## RECORDS FOR THE TASK
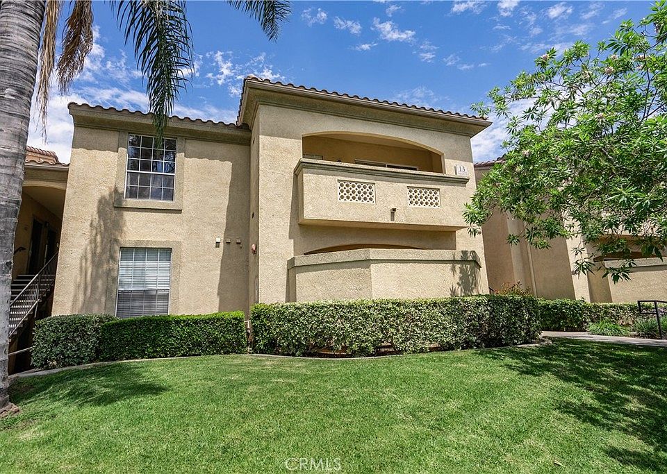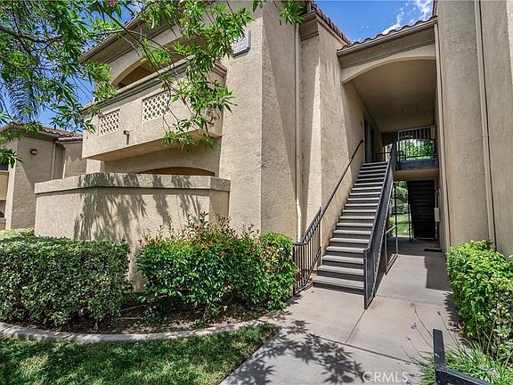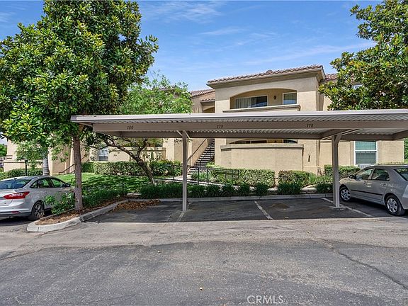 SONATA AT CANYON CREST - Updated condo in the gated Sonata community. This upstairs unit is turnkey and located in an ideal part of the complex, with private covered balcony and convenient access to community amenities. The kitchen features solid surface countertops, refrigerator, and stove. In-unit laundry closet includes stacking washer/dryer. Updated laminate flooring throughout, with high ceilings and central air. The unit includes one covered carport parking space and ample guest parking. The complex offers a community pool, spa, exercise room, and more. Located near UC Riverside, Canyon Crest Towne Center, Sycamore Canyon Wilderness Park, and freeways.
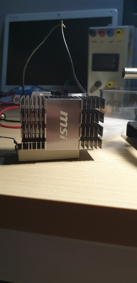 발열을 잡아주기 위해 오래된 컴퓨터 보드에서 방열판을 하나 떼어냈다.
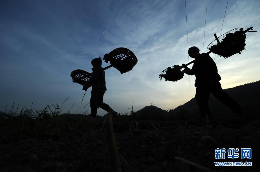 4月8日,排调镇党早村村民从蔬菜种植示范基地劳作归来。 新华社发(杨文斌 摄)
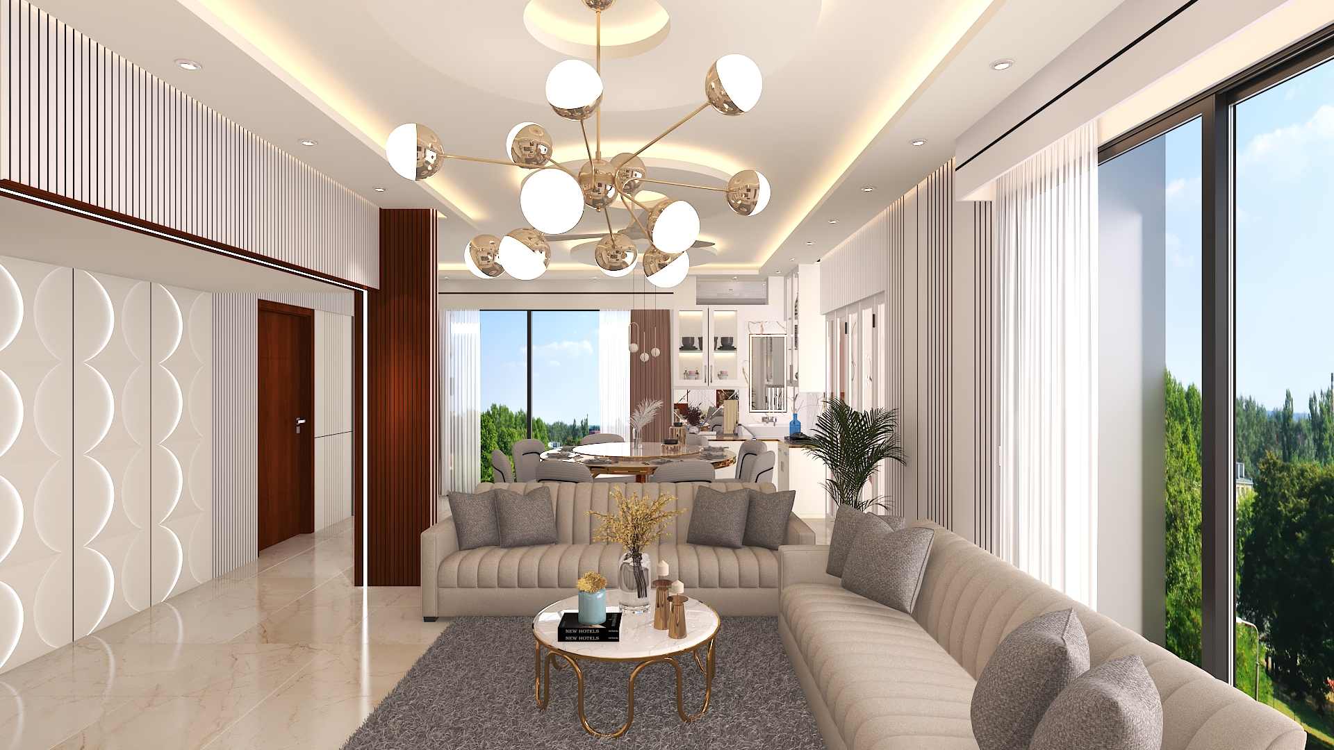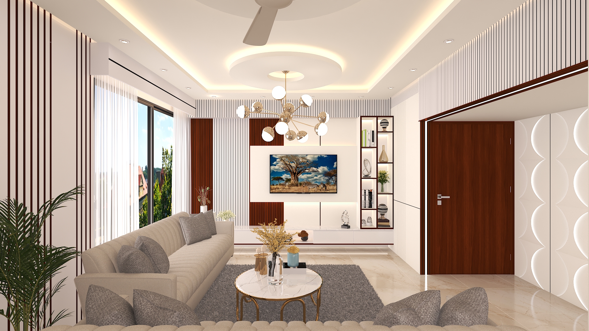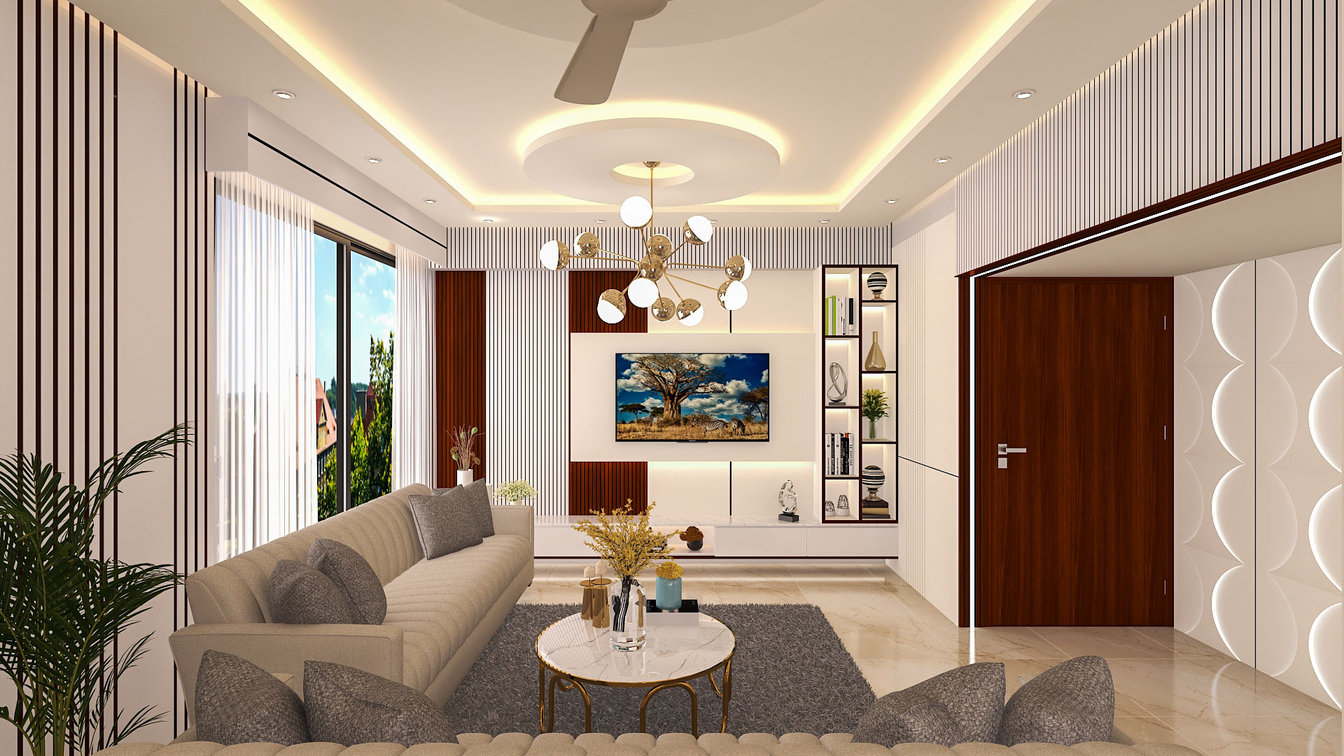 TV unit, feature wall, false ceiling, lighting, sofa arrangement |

* * *

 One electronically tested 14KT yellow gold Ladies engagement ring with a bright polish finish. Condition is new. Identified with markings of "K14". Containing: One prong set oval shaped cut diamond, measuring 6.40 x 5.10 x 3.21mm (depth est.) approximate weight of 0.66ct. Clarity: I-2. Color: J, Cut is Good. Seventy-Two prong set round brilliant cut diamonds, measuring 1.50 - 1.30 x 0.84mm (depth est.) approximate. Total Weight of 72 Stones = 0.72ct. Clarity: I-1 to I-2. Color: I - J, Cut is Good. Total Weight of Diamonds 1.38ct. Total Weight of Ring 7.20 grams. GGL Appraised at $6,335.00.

* * *

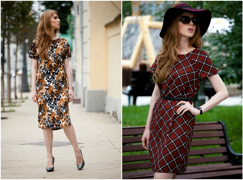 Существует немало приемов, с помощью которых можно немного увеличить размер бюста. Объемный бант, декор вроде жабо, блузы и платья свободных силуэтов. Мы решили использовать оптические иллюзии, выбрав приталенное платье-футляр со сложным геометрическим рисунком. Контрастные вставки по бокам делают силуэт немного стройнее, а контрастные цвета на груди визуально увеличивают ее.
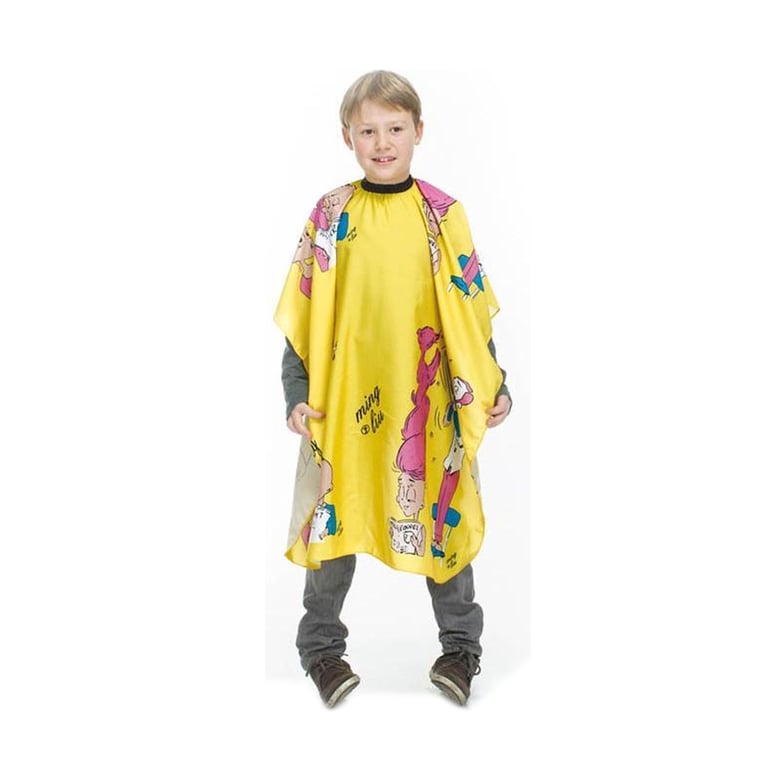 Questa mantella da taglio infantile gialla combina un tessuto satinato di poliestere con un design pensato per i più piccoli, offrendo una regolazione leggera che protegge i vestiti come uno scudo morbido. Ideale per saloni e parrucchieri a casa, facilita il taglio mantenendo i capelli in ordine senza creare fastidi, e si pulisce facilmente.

## TASK DIRECTIONS
After locating the line containing "발열을 잡아주기 위해 오래된 컴퓨터 보드에서 방열판을 하나 떼어냈다." in the entries above, return it and every line after it exactly, ending at the line containing "TV unit, feature", without pictures.

## ANSWER FOR THE TASK
 발열을 잡아주기 위해 오래된 컴퓨터 보드에서 방열판을 하나 떼어냈다.
 4月8日,排调镇党早村村民从蔬菜种植示范基地劳作归来。 新华社发(杨文斌 摄)
 TV unit, feature wall, false ceiling, lighting, sofa arrangement |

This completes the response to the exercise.